= Syed Muhammad Zauqi Shah =

Sufi scholar and saint (1878–1951)

Syed Muhammad Zauqi Shah (1878–1951) was a Sufist scholar considered a Waliullah or Sufist saint. He graduated from Aligarh University in India. A member of the Chishti Order of Sufi, his work combined merits of Islamic scholarship and modern knowledge.

He was a close associate of Muhammad Ali Jinnah, and the freedom fighters of India, Muhammad Ali Johar and Shaukat Ali, Abdul Qadir, Muhammad Iqbal, Justice Shah Din, Akbar Allahabadi, Abdul Kalam Azad.

He was the author of several books and articles in English, his masterpiece being Sirr-e-Dilbaran, an alphabetical encyclopedia of Sufi terminology Sufism, now available in English.

He died in 1951 on the 9th day of Zilhajj Hajj (the pilgrimage) in Makkah, and was buried in Arafat, the prayer ground of Hajj. He was a spiritual leader who backed the movement for Pakistan, and strongly supported the Quaid-e-Azam, Muhammad Ali Jinnah. He predicted the creation of Pakistan as early as 1938 through divine visions, and some of his predictions about the future are given in his books and discourses. He was a great lover of Muhammad and stated that the main purpose of Hajj is to visit him. In fact, before his final departure for Hajj from Karachi, he had told some of his disciples that if Muhammad gave him permission to stay, he will not come back.

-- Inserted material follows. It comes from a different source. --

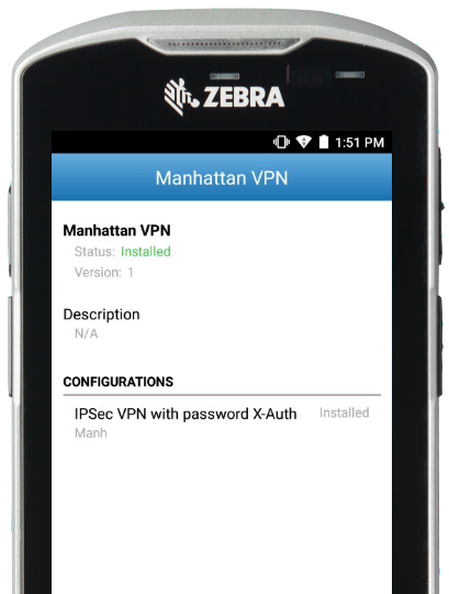 I've created a VPN Android+ Profile and have assigned it to a Zebra TC51 running Android Nougat enrolled in Device Administrator mode. The Profile shows as being installed. Am I missing a step here?

He was succeeded by four khulafa (caliphs/successors): Maulana Umar Bhai (Bombay); Shah Shahidullah Faridi (Karachi, Pakistan, originally from the UK); Captain Wahid Baksh Rabbani (Bahawalpur, Pakistan), and Maulana Abdus Salam (India).

His discourses were compiled by his khalifas Shah Shahidullah Faridi and Wahid Baksh Sial Rabbani under the title "Tarbiyyat-ul-Ushaq" (Training of the Lovers) and published in English and Urdu.